Kafka Design: Page Cache & Performance

Apache Kafka's exceptional performance and reliability as a distributed event streaming platform are largely attributed to its intelligent use of the operating system's page cache. This core design decision enables Kafka to achieve high throughput and low latency without requiring extensive application-level caching. This blog explores how Kafka leverages the page cache, its performance implications, configuration best practices, and common challenges.

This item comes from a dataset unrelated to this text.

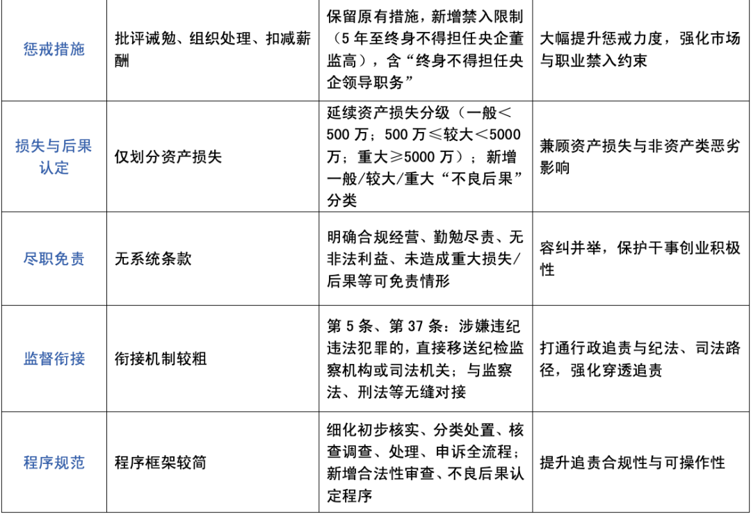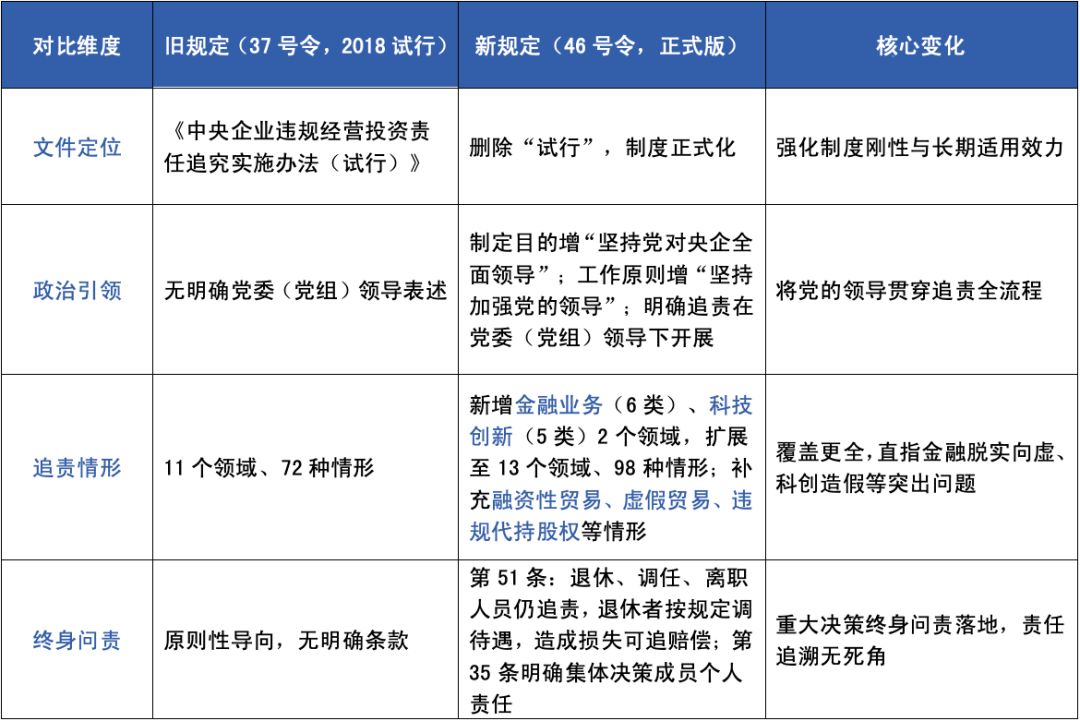 附:央企违规追责新旧规定核心对比表(国资委令37号VS第46号)

Although Kafka Page Cache brings many advantages to Kafka, it can cause serious performance issues due to Page Cache pollution when disk reads occur. If you are looking for a solution to this problem, you can read: How AutoMQ addresses the disk read side effects in Apache Kafka

Understanding the Page Cache in Kafka's Architecture

The page cache is a transparent buffer maintained by the operating system that keeps recently accessed file data in memory. Kafka's architecture is specifically designed to take advantage of this system feature, rather than implementing its own complex caching mechanisms.

Zero Copy Principle

At its core, Kafka operates on the "Zero Copy" principle, which is fundamental to its performance. This means:

Kafka transfers data in byte format without inspecting or modifying it
No data verification occurs at the cluster level
Data moves directly from disk to network (or vice versa) without unnecessary copying

This approach provides significant performance improvements compared to traditional methods that involve multiple data copies between channels. The zero-copy mechanism allows Kafka to avoid copying data into user space, reducing CPU overhead and improving throughput.

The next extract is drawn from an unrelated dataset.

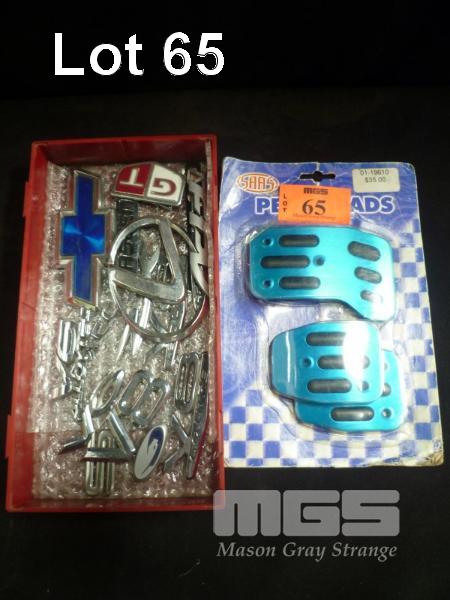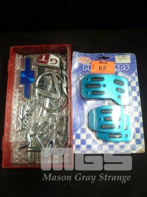 BLUE ANODISED CAR FOOT PEDALS & ASSORTED CAR BADGES

How Kafka Utilizes the Page Cache

Kafka brokers make heavy use of the operating system's page cache to maintain performance. When data is written to Kafka:

Data is written to the page cache first
The OS eventually flushes these pages to disk asynchronously
Kafka doesn't explicitly issue commands to ensure messages are persisted (sync)
It relies on the OS to efficiently manage when data is written to physical storage

For reads, Kafka similarly leverages the page cache:

Consumer requests are served from the page cache when possible
The OS handles prefetching data through techniques like readahead
Sequential read patterns are automatically detected and optimized by the kernel

This approach differs from many databases that implement application-level caches. Kafka's reliance on the page cache is particularly effective because messaging workloads typically involve sequential reads and writes, which the Linux kernel has been optimized to handle efficiently.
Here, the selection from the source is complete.